Multi-Datacenter Workload Orchestration
Nomad is multi-region and multi-cloud by design, with a consistent workflow when deploying any workload. As teams roll out global applications in multiple datacenters or across cloud boundaries, Nomad provides orchestration and scheduling for those applications, supported by the infrastructure, security, and networking resources and policies to ensure the application is successfully deployed.
Ultimately, these shared services across infrastructure, security, networking, and application runtime present an industrialized process for application delivery, all while taking advantage of the dynamic nature of each layer of the cloud.
Embracing a cloud operating model enables self-service IT that is fully compliant and governed for teams to deliver applications at increasing speed.
Transitioning to a cloud operating model is an inevitable shift for enterprises aiming to maximize their digital transformation efforts. The HashiCorp suite of tools seeks to provide solutions for each layer of the cloud - and each principle of the cloud operating model - to enable enterprises to modernize their operations.
Enterprise IT needs to evolve away from ITIL-based control points, with their focus on cost optimization, toward becoming self-service enablers focused on speed optimization. It can do this by delivering shared services across each layer of the cloud, designed to assist teams deliver new business and customer value at speed.
Unlocking the fastest path to value in a modern multi-cloud data center through adopting a common cloud operating model means shifting characteristics of enterprise IT across all three key areas:
People: Shifting to multi-cloud skills
- Reuse skills from internal datacenter management and single cloud vendors and apply them consistently in any environment.

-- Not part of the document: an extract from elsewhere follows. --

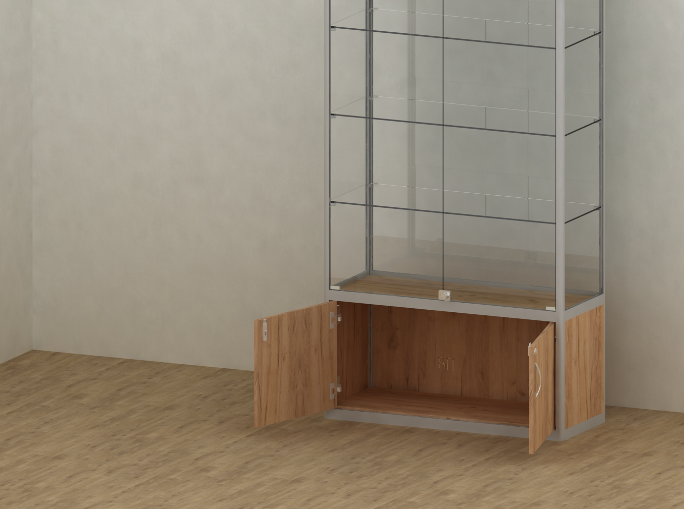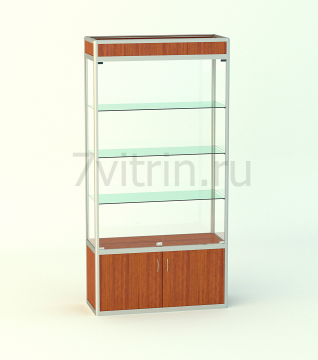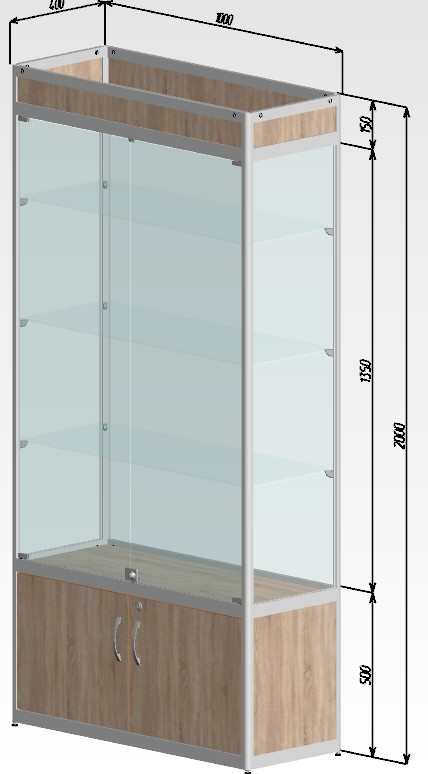 Витрина из каркаса алюминиевого профиля "Малахит СФ500" Размер 2000х400х1000мм. Фриз высотой 150мм. Тумба накопитель высотой 500мм. Стеклянные полки толщиной 6мм в кол-ве 1 шт.Двери в стеклянной части из стекла 5мм., в накопителе ЛДСП 16мм. Механизм распашной. Замок для стекла - накладной, замок для тумбы - врезной. Ручка в накопитель - скоба 96мм. Задняя стенка - МДФ.
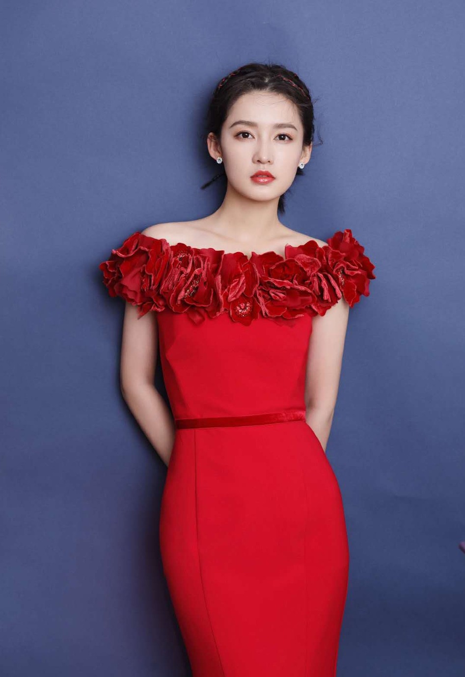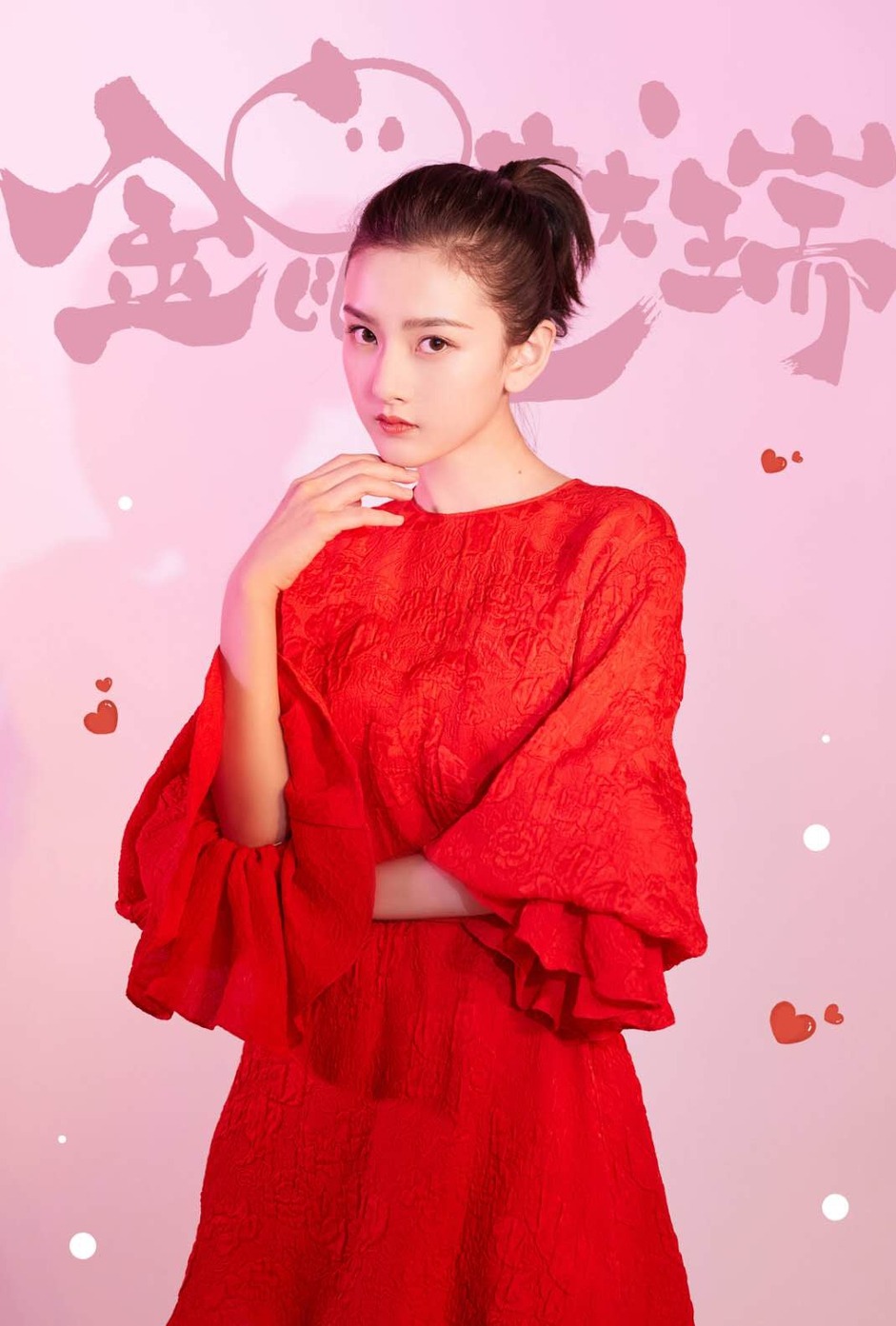鞠婧祎红色欧式公主裙,头戴同色蝴蝶结,复古可爱。

- Embrace DevSecOps and other agile practices to continuously deliver increasingly ephemeral and distributed systems.
Process: Shifting to self-service IT
- Position central IT as an enabling shared service focused on application delivery velocity: shipping software ever more rapidly with minimal risk.
- Establish centers of excellence across each layer of the cloud for self-service delivery of capabilities.
Tools: Shifting to dynamic environments
- Use tools that support the increasing ephemerality and distribution of infrastructure and applications and that support the critical workflows rather than being tied to specific technologies.
- Provide policy and governance tooling to match the speed of delivery with compliance to manage risk in a self-service environment.